**Work request**:
Apart from the images, the records below need to be copied exactly.

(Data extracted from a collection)
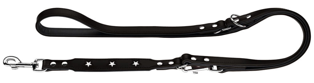 Smycz z serii Magic Star wykonana została ze skóry bydlęcej. Ręczne przeszycia wykonywane w niemieckiej fabryce są gwarancją najwyższej jakości akcesoriów dla zwierząt. Smycz dzięki możliwości szybkiej regulacji doskonale sprawdza się zarówno w mieście jak i w trakcie leśnych spacerów.
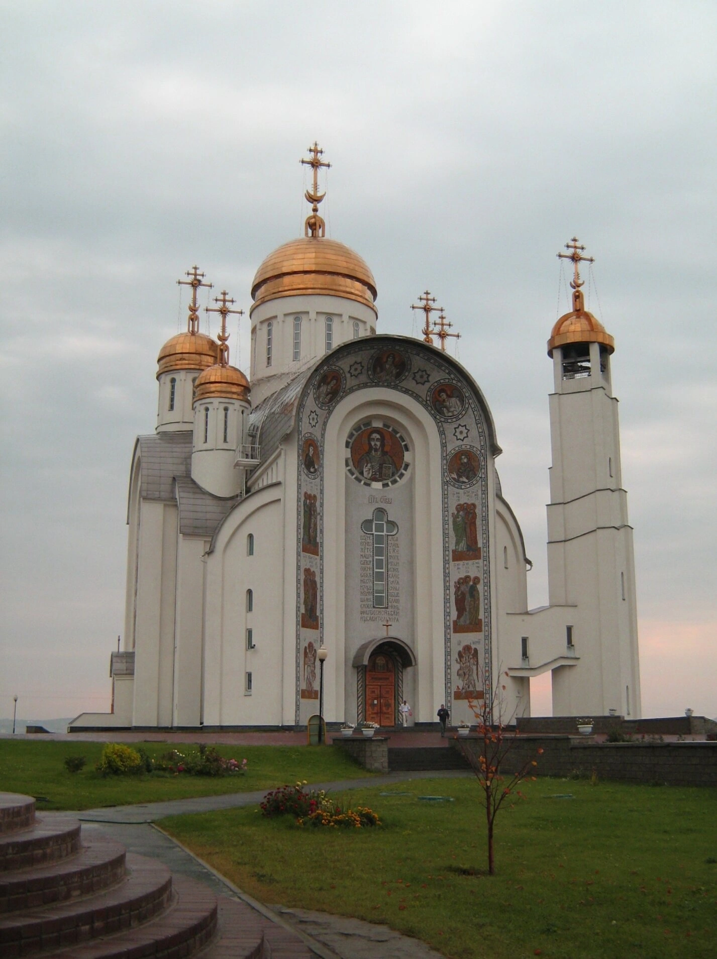 Белоснежный семиглавый собор, увенчанный златоглавыми куполами с сияющими крестами, представляет собой образец современной церковной архитектуры, выполненной в лучших традициях русского храмового зодчества. Над основным объёмом храма гордо возносится стройная колокольня, а фасады украшены благочестивыми орнаментами и священными изображениями.
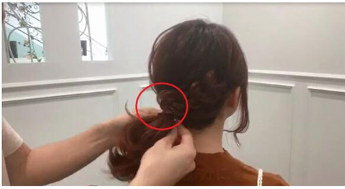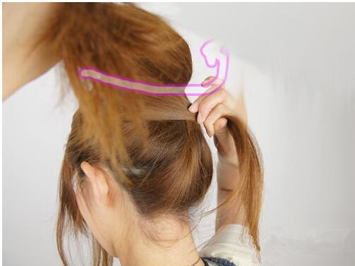 第三步:一手把马尾撩起,一手将侧边小发束从马尾后面绕到橡皮筋下,然后进行缠绕,至发尾用黑色小发夹固定好。
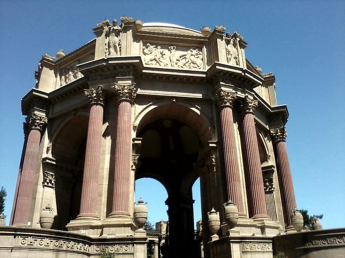 Keywords: pillars elaborate palace of fine arts san francisco california palace fine arts statue stonework stone artwork ancient historical artistic creative creativity design structure
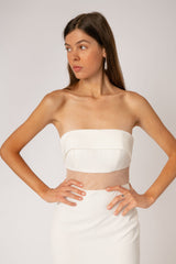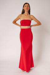 For sleek, dramatic flair at your next event look no further than Miss Holly to take you there. A gorgeous strapless full length gown with a mesh panel that gives the illusion of a two piece set! The Rachel dress has you ready for any occasion, the perfect dress for wedding guests or any formal event! Looking for a dress that will make an impact? Look no further.
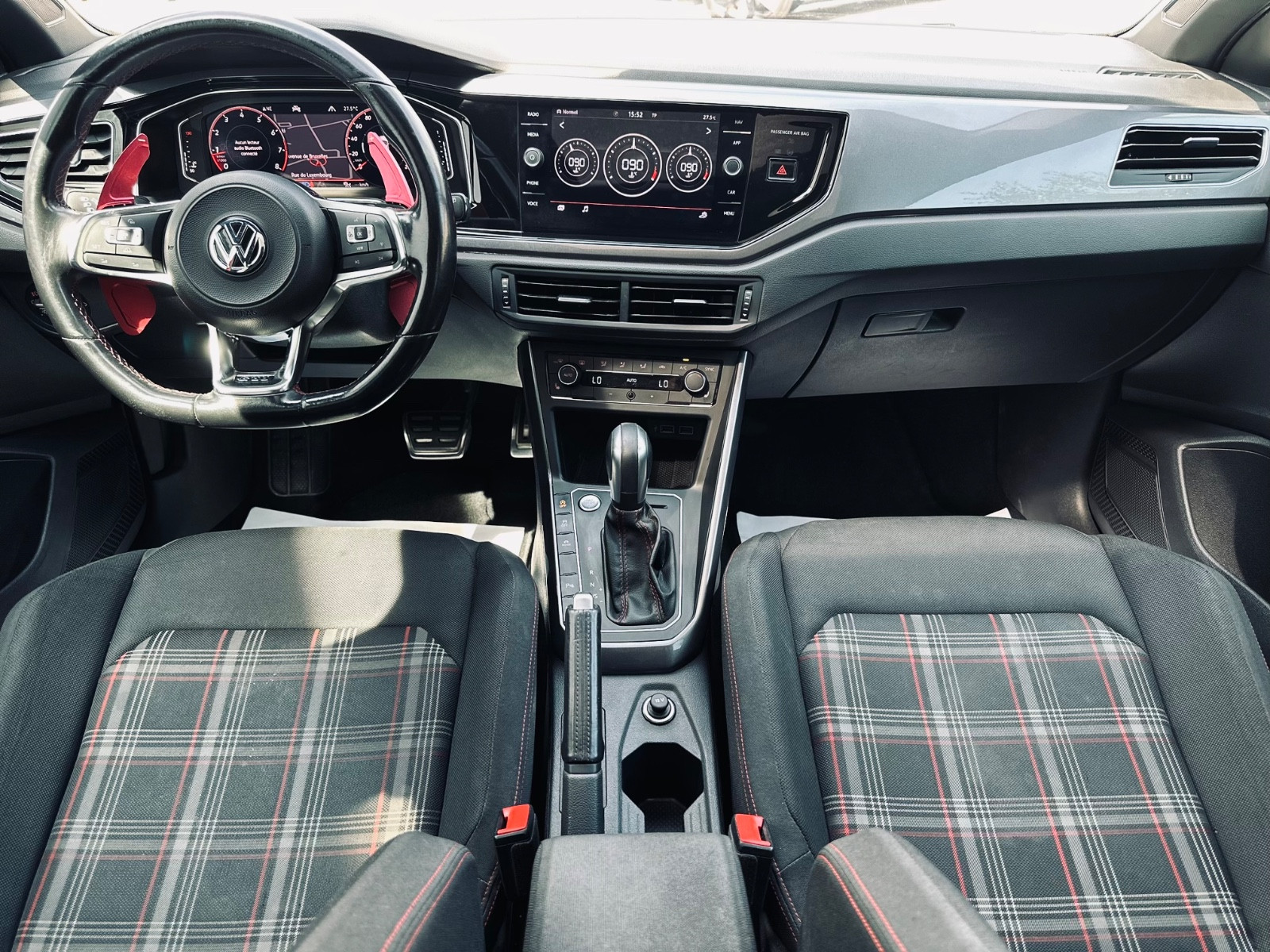 Accoudoir central AV coulissant(e)(s), avec Compartiment/Vide-poches, Active Afficheur d'information (affichage des instruments digital(e)), Affichage pour niveau d´eau, Aide au stationnement AV et AR, Airbag conducteur et passager, Airbag passager désactivable, Alarme pour Ceintures de sécurité AV et AR, Allumage automatique des feux de croisement (système d'éclairage adaptatif) avec Leaving Home / Fonction éclairage Comin, Antidémarrage (électronique), App-Connect, Appuie-têtes AR (x 3), Assistant de freinage, Avertisseur deux tons, Blocage de différentiel électron. (EDS), Boîte de vitesses 6 rapports - Boîte automatique à double embrayage DSG, Boîte premiers secours et Triangle de présignalisation, Caméra aide au recul (Rear View), Carrosserie: 5 portes, Ceinture de sécurité à 3 points AR central(e), Ceintures de sécurité AR Ext. avec prétensionneur de ceinture, Ceintures de sécurité AV avec prétensionneur de ceinture, Climatisation Climatronic 2 zones, Clé télécommande (2) rabattable, Colonne de direction (Volant de direction) Réglage mécanique, Réglage de hauteur / profondeur, Compte-tours, Contrôle dynamique de stabilité (ESP), Direction assistée, Double sortie Chrome, Eclaireur de coffre, Eclaireur de plancher AV LED, Encadrement chromé Commutateur de lève-vitre / Réglage de rétroviseur, Feux AR. LED, rouge foncé, Filtre d'habitacle Filtre à poussière et pollen, Garniture de pavillon Tissu, noir(e), Jantes alliage léger 7,5x18 (Brescia, noir(e), poli), Limiteur de vitesse, Lève-vitre électrique AV et AR, Module de navigation Discover Media (pour Système audio), Moteur 2,0 litre(s) - 147 kW 16V T FSI / TSI, Pack Hiver, Pack LED, Pare-chocs Design sport, peint, Peinture spéciale "Rouge Flash", Plafonnier LED, Poignée de frein à main Cuir, Projecteur LED, Projecteurs antibrouillard avec intégré éclairage d'appoint (Corner Lights), Pédales inox, Réglage de portée des projecteurs, Rétroviseur ext et Poignées de portes Ext. couleur caisse, Rétroviseur ext à réglages électriques, dégivrant et rabattable, Sellerie : Tissu, Sièges AV réglable(s) en hauteur, Supports Isofix pour siège enfant sur Sièges AR (comprenant sièges enfant i-Size), Système antipatinage (ASR), Système d'antiblocage de frein (ABS), Système d'assistance de conduite: Assistance au démarrage en côte, Système d'assistance de conduite: Détection des piétons, Système d'assistance de conduite: assistance au stationnement (Park Assist), Système d'assistance de conduite: automatique régulation de distance (ACC), Toit ouvrant panoramique électrique, Téléphone portable interface avec fonction de charge sans câble, Témoin contrôle pneumatiques, Verrouillage centralisé avec Cde à distance, Volant de direction (Sport/cuir) avec multifonctions et palettes changement vitesse, Éclairage de plaque d´immatriculation LED, Étriers de frein Rouge peint, éclairage ambiant Blanc, éclairage diurne LED, contactez-nous .......................... INFORMATIONS........................ Volkswagen Polo VI 2.0 200CH GTI,
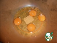 Предупреждаю, если форма у вас маленькая, то смело уменьшайте количество ингредиентов в два раза. Яйца разбиваем в миску, где будем мешать тесто |

**Solution to the exercise**:
 Smycz z serii Magic Star wykonana została ze skóry bydlęcej. Ręczne przeszycia wykonywane w niemieckiej fabryce są gwarancją najwyższej jakości akcesoriów dla zwierząt. Smycz dzięki możliwości szybkiej regulacji doskonale sprawdza się zarówno w mieście jak i w trakcie leśnych spacerów.
 Белоснежный семиглавый собор, увенчанный златоглавыми куполами с сияющими крестами, представляет собой образец современной церковной архитектуры, выполненной в лучших традициях русского храмового зодчества. Над основным объёмом храма гордо возносится стройная колокольня, а фасады украшены благочестивыми орнаментами и священными изображениями.
 第三步:一手把马尾撩起,一手将侧边小发束从马尾后面绕到橡皮筋下,然后进行缠绕,至发尾用黑色小发夹固定好。
 Keywords: pillars elaborate palace of fine arts san francisco california palace fine arts statue stonework stone artwork ancient historical artistic creative creativity design structure
 For sleek, dramatic flair at your next event look no further than Miss Holly to take you there. A gorgeous strapless full length gown with a mesh panel that gives the illusion of a two piece set! The Rachel dress has you ready for any occasion, the perfect dress for wedding guests or any formal event! Looking for a dress that will make an impact? Look no further.
 Accoudoir central AV coulissant(e)(s), avec Compartiment/Vide-poches, Active Afficheur d'information (affichage des instruments digital(e)), Affichage pour niveau d´eau, Aide au stationnement AV et AR, Airbag conducteur et passager, Airbag passager désactivable, Alarme pour Ceintures de sécurité AV et AR, Allumage automatique des feux de croisement (système d'éclairage adaptatif) avec Leaving Home / Fonction éclairage Comin, Antidémarrage (électronique), App-Connect, Appuie-têtes AR (x 3), Assistant de freinage, Avertisseur deux tons, Blocage de différentiel électron. (EDS), Boîte de vitesses 6 rapports - Boîte automatique à double embrayage DSG, Boîte premiers secours et Triangle de présignalisation, Caméra aide au recul (Rear View), Carrosserie: 5 portes, Ceinture de sécurité à 3 points AR central(e), Ceintures de sécurité AR Ext. avec prétensionneur de ceinture, Ceintures de sécurité AV avec prétensionneur de ceinture, Climatisation Climatronic 2 zones, Clé télécommande (2) rabattable, Colonne de direction (Volant de direction) Réglage mécanique, Réglage de hauteur / profondeur, Compte-tours, Contrôle dynamique de stabilité (ESP), Direction assistée, Double sortie Chrome, Eclaireur de coffre, Eclaireur de plancher AV LED, Encadrement chromé Commutateur de lève-vitre / Réglage de rétroviseur, Feux AR. LED, rouge foncé, Filtre d'habitacle Filtre à poussière et pollen, Garniture de pavillon Tissu, noir(e), Jantes alliage léger 7,5x18 (Brescia, noir(e), poli), Limiteur de vitesse, Lève-vitre électrique AV et AR, Module de navigation Discover Media (pour Système audio), Moteur 2,0 litre(s) - 147 kW 16V T FSI / TSI, Pack Hiver, Pack LED, Pare-chocs Design sport, peint, Peinture spéciale "Rouge Flash", Plafonnier LED, Poignée de frein à main Cuir, Projecteur LED, Projecteurs antibrouillard avec intégré éclairage d'appoint (Corner Lights), Pédales inox, Réglage de portée des projecteurs, Rétroviseur ext et Poignées de portes Ext. couleur caisse, Rétroviseur ext à réglages électriques, dégivrant et rabattable, Sellerie : Tissu, Sièges AV réglable(s) en hauteur, Supports Isofix pour siège enfant sur Sièges AR (comprenant sièges enfant i-Size), Système antipatinage (ASR), Système d'antiblocage de frein (ABS), Système d'assistance de conduite: Assistance au démarrage en côte, Système d'assistance de conduite: Détection des piétons, Système d'assistance de conduite: assistance au stationnement (Park Assist), Système d'assistance de conduite: automatique régulation de distance (ACC), Toit ouvrant panoramique électrique, Téléphone portable interface avec fonction de charge sans câble, Témoin contrôle pneumatiques, Verrouillage centralisé avec Cde à distance, Volant de direction (Sport/cuir) avec multifonctions et palettes changement vitesse, Éclairage de plaque d´immatriculation LED, Étriers de frein Rouge peint, éclairage ambiant Blanc, éclairage diurne LED, contactez-nous .......................... INFORMATIONS........................ Volkswagen Polo VI 2.0 200CH GTI,
 Предупреждаю, если форма у вас маленькая, то смело уменьшайте количество ингредиентов в два раза. Яйца разбиваем в миску, где будем мешать тесто |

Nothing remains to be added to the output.